Stored records:
================================

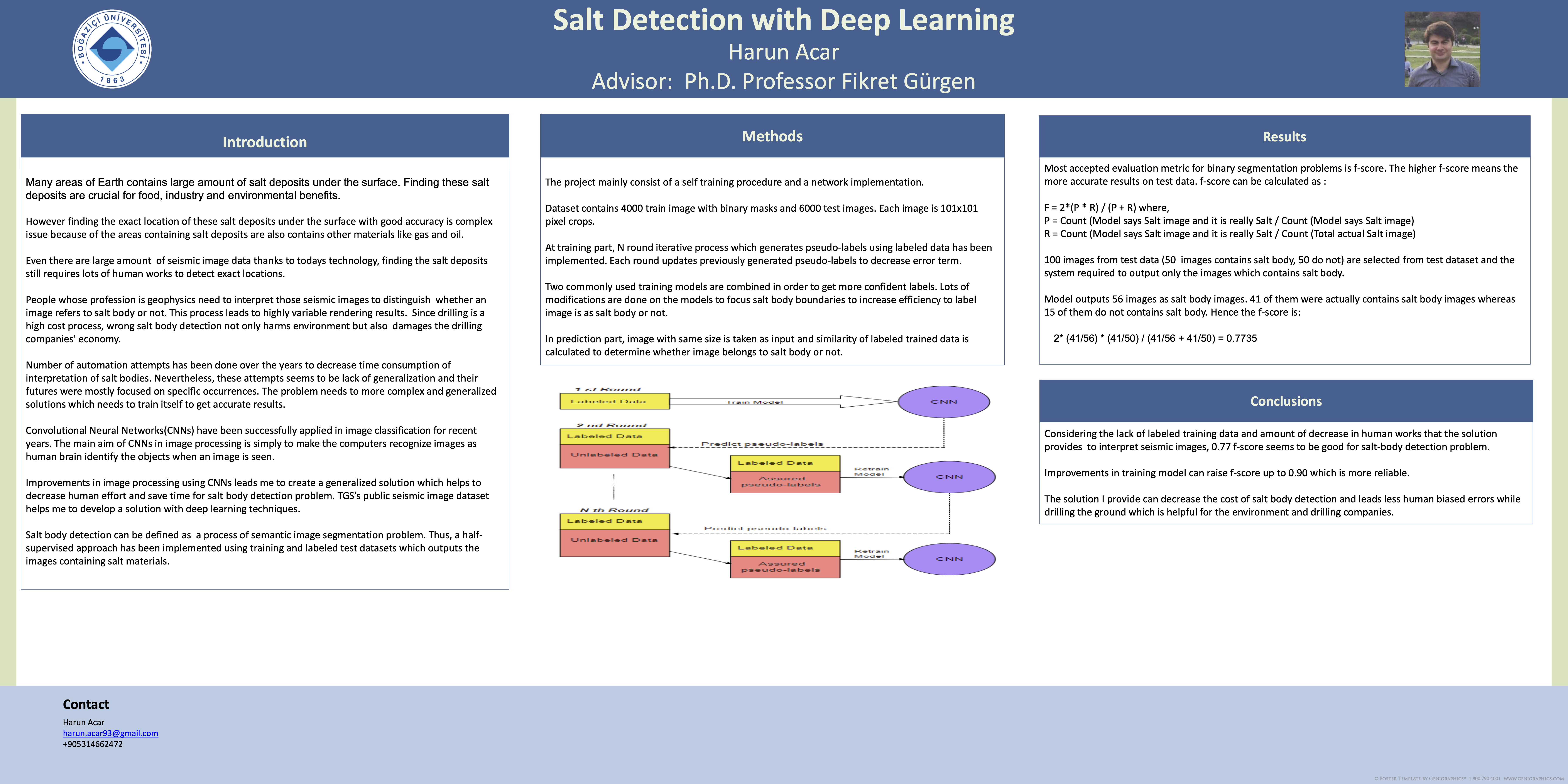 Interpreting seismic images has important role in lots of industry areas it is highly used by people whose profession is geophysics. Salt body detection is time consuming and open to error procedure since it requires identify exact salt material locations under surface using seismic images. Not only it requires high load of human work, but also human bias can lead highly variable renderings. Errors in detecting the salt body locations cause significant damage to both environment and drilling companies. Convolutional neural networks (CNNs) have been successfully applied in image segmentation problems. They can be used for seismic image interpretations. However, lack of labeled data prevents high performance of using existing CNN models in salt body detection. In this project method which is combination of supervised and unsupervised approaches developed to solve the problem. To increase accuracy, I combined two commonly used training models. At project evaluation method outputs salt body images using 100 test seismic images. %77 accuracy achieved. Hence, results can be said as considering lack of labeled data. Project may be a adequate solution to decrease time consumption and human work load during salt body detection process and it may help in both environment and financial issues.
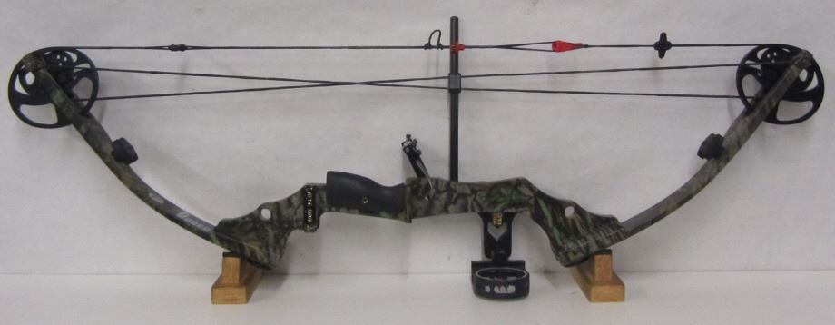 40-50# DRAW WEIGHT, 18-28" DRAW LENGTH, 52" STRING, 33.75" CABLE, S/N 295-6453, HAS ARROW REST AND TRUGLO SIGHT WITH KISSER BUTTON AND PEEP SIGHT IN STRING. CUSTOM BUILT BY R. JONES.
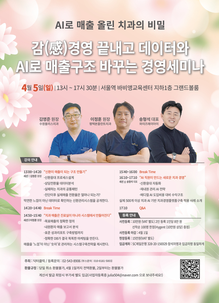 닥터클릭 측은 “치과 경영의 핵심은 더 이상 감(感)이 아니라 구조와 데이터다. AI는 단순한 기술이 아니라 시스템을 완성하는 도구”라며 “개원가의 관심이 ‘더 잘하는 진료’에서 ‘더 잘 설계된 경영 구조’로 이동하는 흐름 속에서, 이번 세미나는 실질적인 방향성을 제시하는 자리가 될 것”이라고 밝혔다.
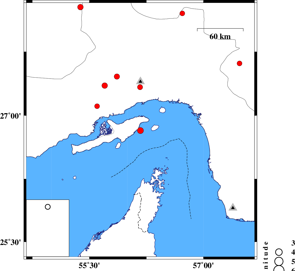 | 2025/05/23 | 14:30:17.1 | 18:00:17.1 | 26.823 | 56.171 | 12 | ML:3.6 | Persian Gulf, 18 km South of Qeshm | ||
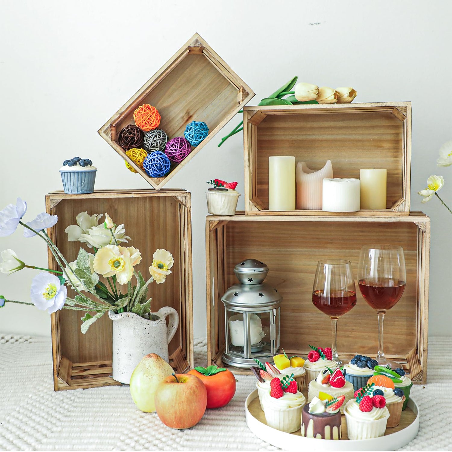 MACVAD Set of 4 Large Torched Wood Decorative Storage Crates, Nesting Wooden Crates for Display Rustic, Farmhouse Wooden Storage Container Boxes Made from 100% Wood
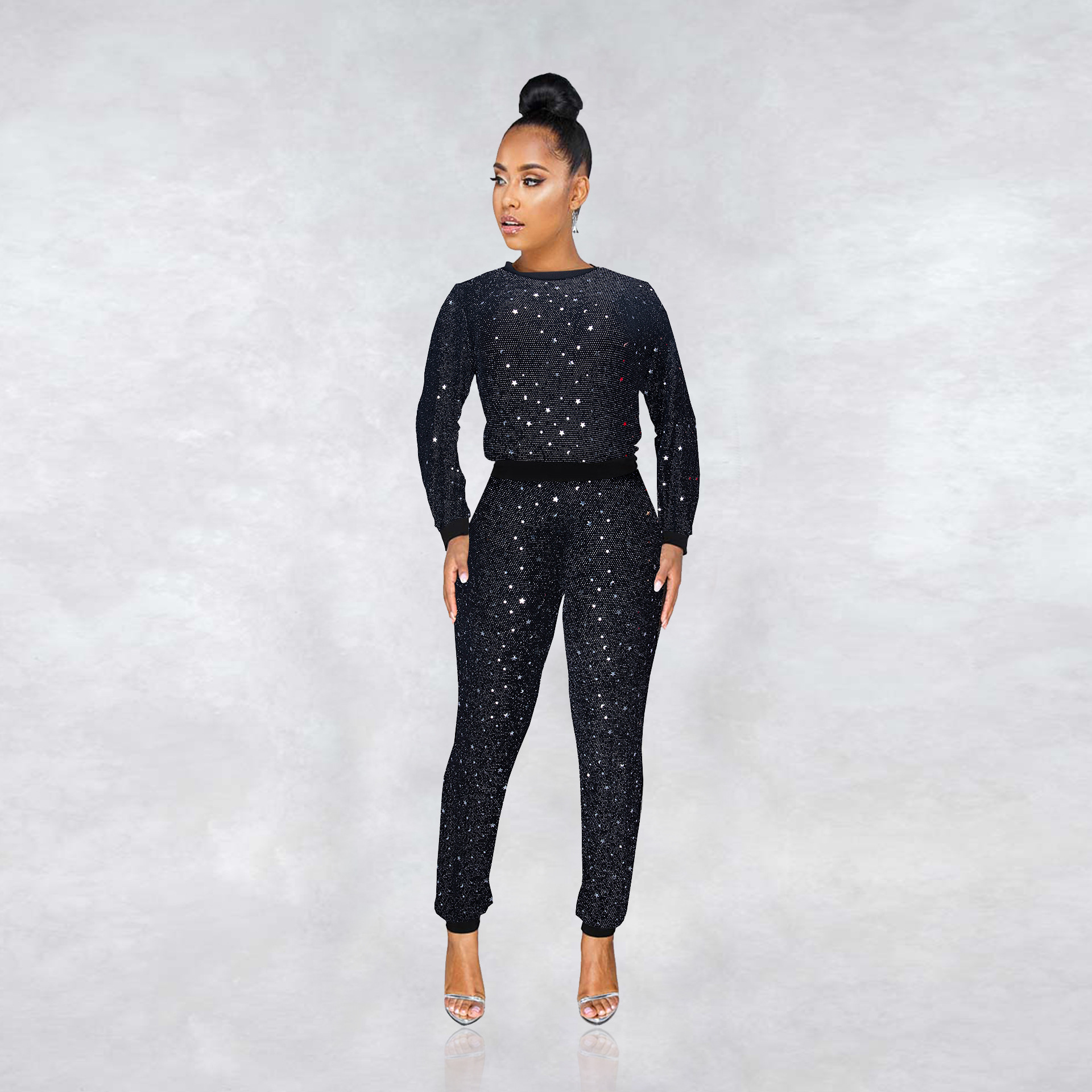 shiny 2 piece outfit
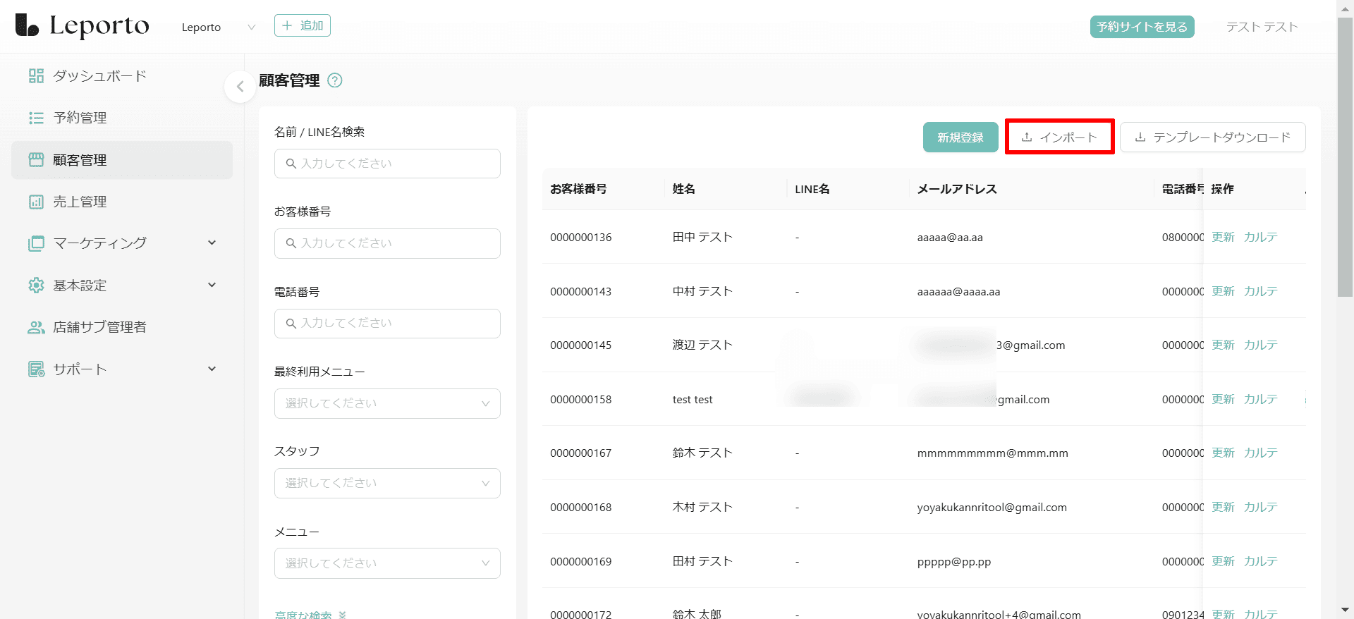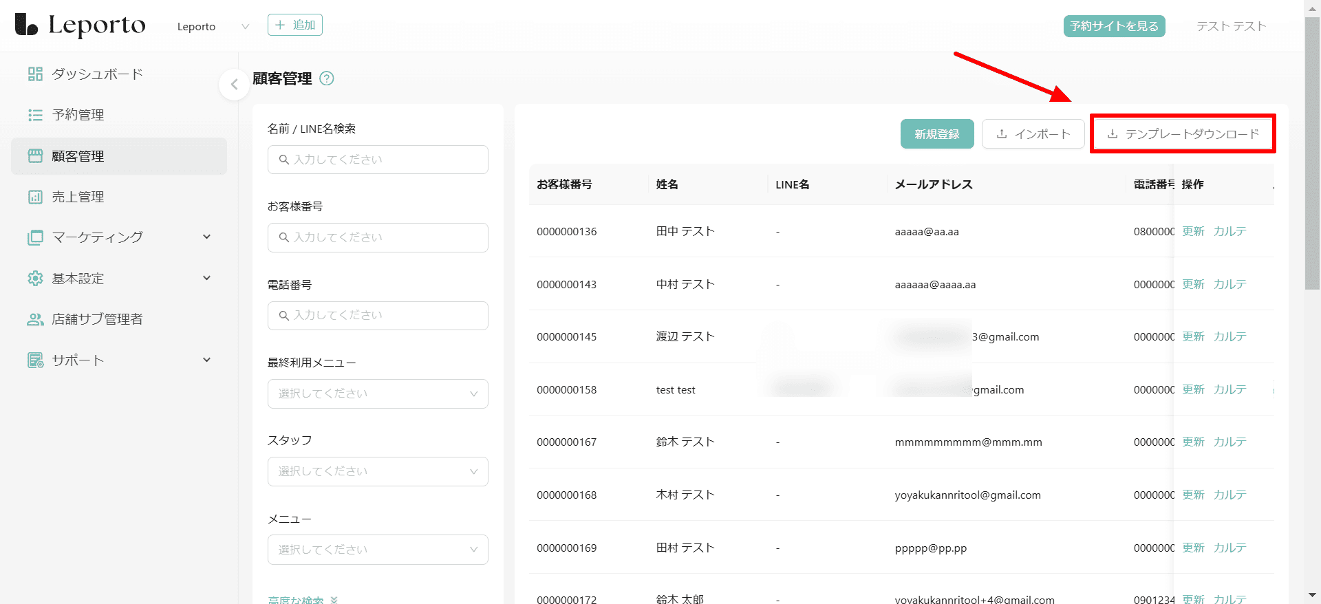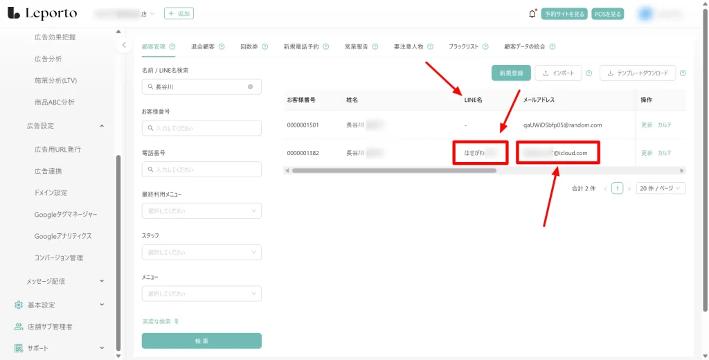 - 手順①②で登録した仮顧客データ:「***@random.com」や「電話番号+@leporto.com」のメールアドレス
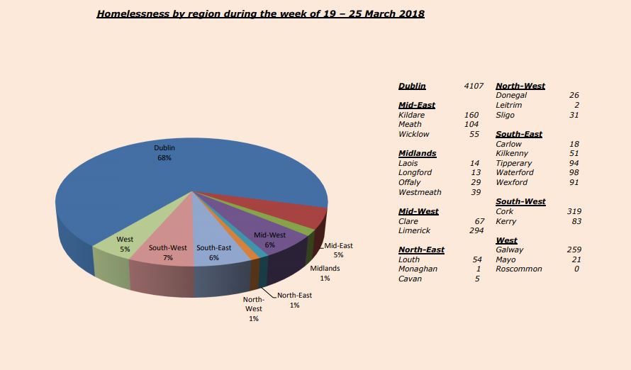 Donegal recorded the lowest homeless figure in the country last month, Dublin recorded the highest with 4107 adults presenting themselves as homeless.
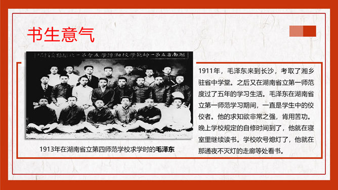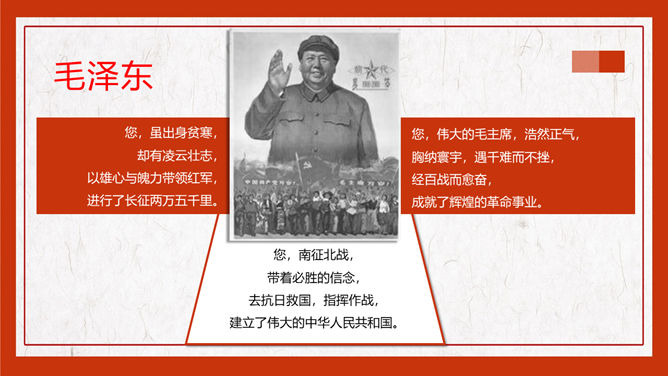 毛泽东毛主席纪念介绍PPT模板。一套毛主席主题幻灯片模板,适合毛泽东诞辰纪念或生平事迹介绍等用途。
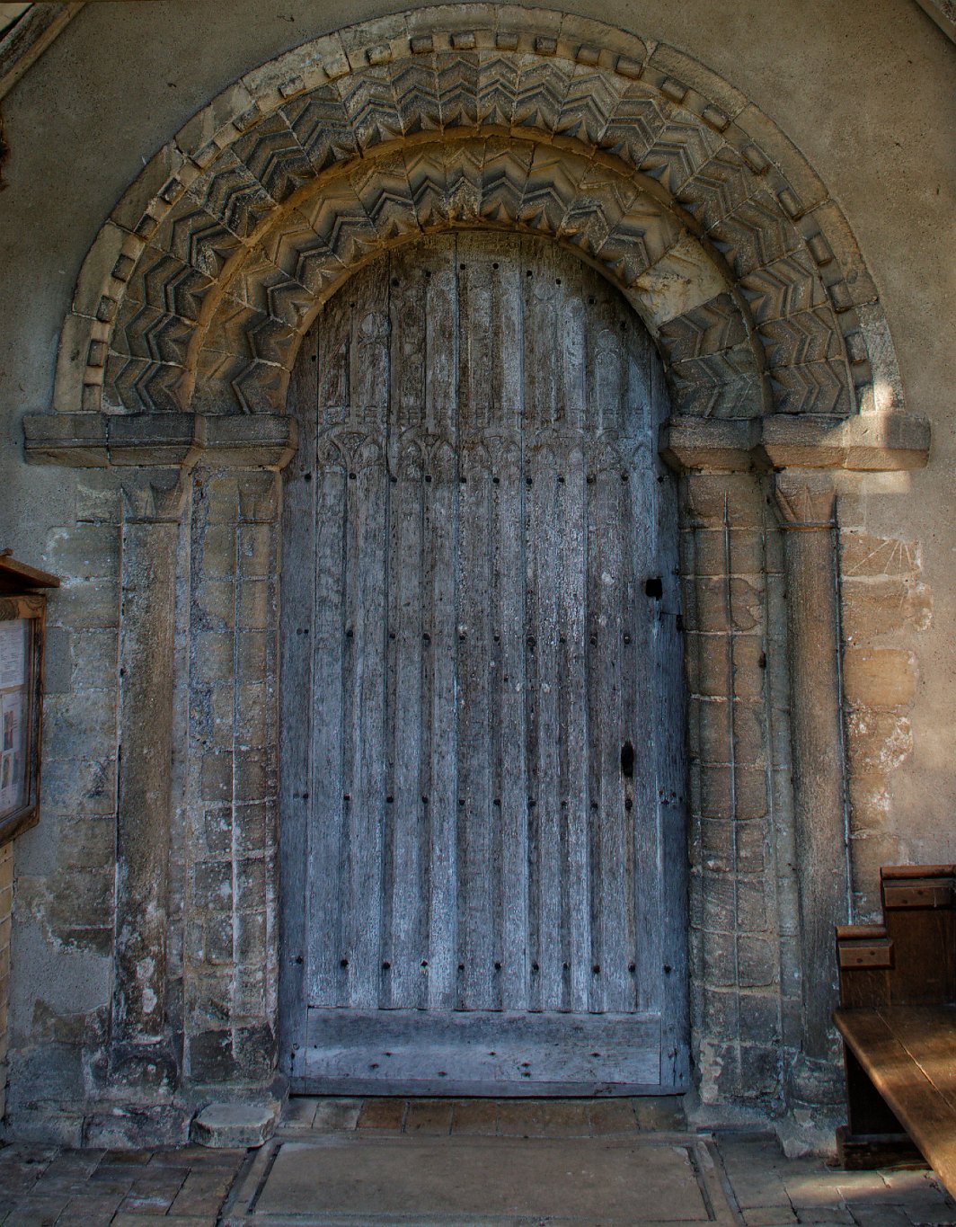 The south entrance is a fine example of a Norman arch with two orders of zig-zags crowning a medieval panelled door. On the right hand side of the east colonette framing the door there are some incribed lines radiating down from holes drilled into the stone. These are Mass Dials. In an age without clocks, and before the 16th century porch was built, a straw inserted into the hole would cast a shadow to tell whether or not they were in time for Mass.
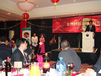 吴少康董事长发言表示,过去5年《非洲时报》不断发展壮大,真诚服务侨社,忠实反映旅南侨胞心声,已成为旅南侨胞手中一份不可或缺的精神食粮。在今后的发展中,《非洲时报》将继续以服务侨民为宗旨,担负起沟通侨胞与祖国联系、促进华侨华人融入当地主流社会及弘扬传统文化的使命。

================================

• ABOUT THIS EXERCISE
Return each record as written, minus its images.

• RESULT OF THE TASK
 Interpreting seismic images has important role in lots of industry areas it is highly used by people whose profession is geophysics. Salt body detection is time consuming and open to error procedure since it requires identify exact salt material locations under surface using seismic images. Not only it requires high load of human work, but also human bias can lead highly variable renderings. Errors in detecting the salt body locations cause significant damage to both environment and drilling companies. Convolutional neural networks (CNNs) have been successfully applied in image segmentation problems. They can be used for seismic image interpretations. However, lack of labeled data prevents high performance of using existing CNN models in salt body detection. In this project method which is combination of supervised and unsupervised approaches developed to solve the problem. To increase accuracy, I combined two commonly used training models. At project evaluation method outputs salt body images using 100 test seismic images. %77 accuracy achieved. Hence, results can be said as considering lack of labeled data. Project may be a adequate solution to decrease time consumption and human work load during salt body detection process and it may help in both environment and financial issues.
 40-50# DRAW WEIGHT, 18-28" DRAW LENGTH, 52" STRING, 33.75" CABLE, S/N 295-6453, HAS ARROW REST AND TRUGLO SIGHT WITH KISSER BUTTON AND PEEP SIGHT IN STRING. CUSTOM BUILT BY R. JONES.
 닥터클릭 측은 “치과 경영의 핵심은 더 이상 감(感)이 아니라 구조와 데이터다. AI는 단순한 기술이 아니라 시스템을 완성하는 도구”라며 “개원가의 관심이 ‘더 잘하는 진료’에서 ‘더 잘 설계된 경영 구조’로 이동하는 흐름 속에서, 이번 세미나는 실질적인 방향성을 제시하는 자리가 될 것”이라고 밝혔다.
 | 2025/05/23 | 14:30:17.1 | 18:00:17.1 | 26.823 | 56.171 | 12 | ML:3.6 | Persian Gulf, 18 km South of Qeshm | ||
 MACVAD Set of 4 Large Torched Wood Decorative Storage Crates, Nesting Wooden Crates for Display Rustic, Farmhouse Wooden Storage Container Boxes Made from 100% Wood
 shiny 2 piece outfit
 - 手順①②で登録した仮顧客データ:「***@random.com」や「電話番号+@leporto.com」のメールアドレス
 Donegal recorded the lowest homeless figure in the country last month, Dublin recorded the highest with 4107 adults presenting themselves as homeless.
 毛泽东毛主席纪念介绍PPT模板。一套毛主席主题幻灯片模板,适合毛泽东诞辰纪念或生平事迹介绍等用途。
 The south entrance is a fine example of a Norman arch with two orders of zig-zags crowning a medieval panelled door. On the right hand side of the east colonette framing the door there are some incribed lines radiating down from holes drilled into the stone. These are Mass Dials. In an age without clocks, and before the 16th century porch was built, a straw inserted into the hole would cast a shadow to tell whether or not they were in time for Mass.
 吴少康董事长发言表示,过去5年《非洲时报》不断发展壮大,真诚服务侨社,忠实反映旅南侨胞心声,已成为旅南侨胞手中一份不可或缺的精神食粮。在今后的发展中,《非洲时报》将继续以服务侨民为宗旨,担负起沟通侨胞与祖国联系、促进华侨华人融入当地主流社会及弘扬传统文化的使命。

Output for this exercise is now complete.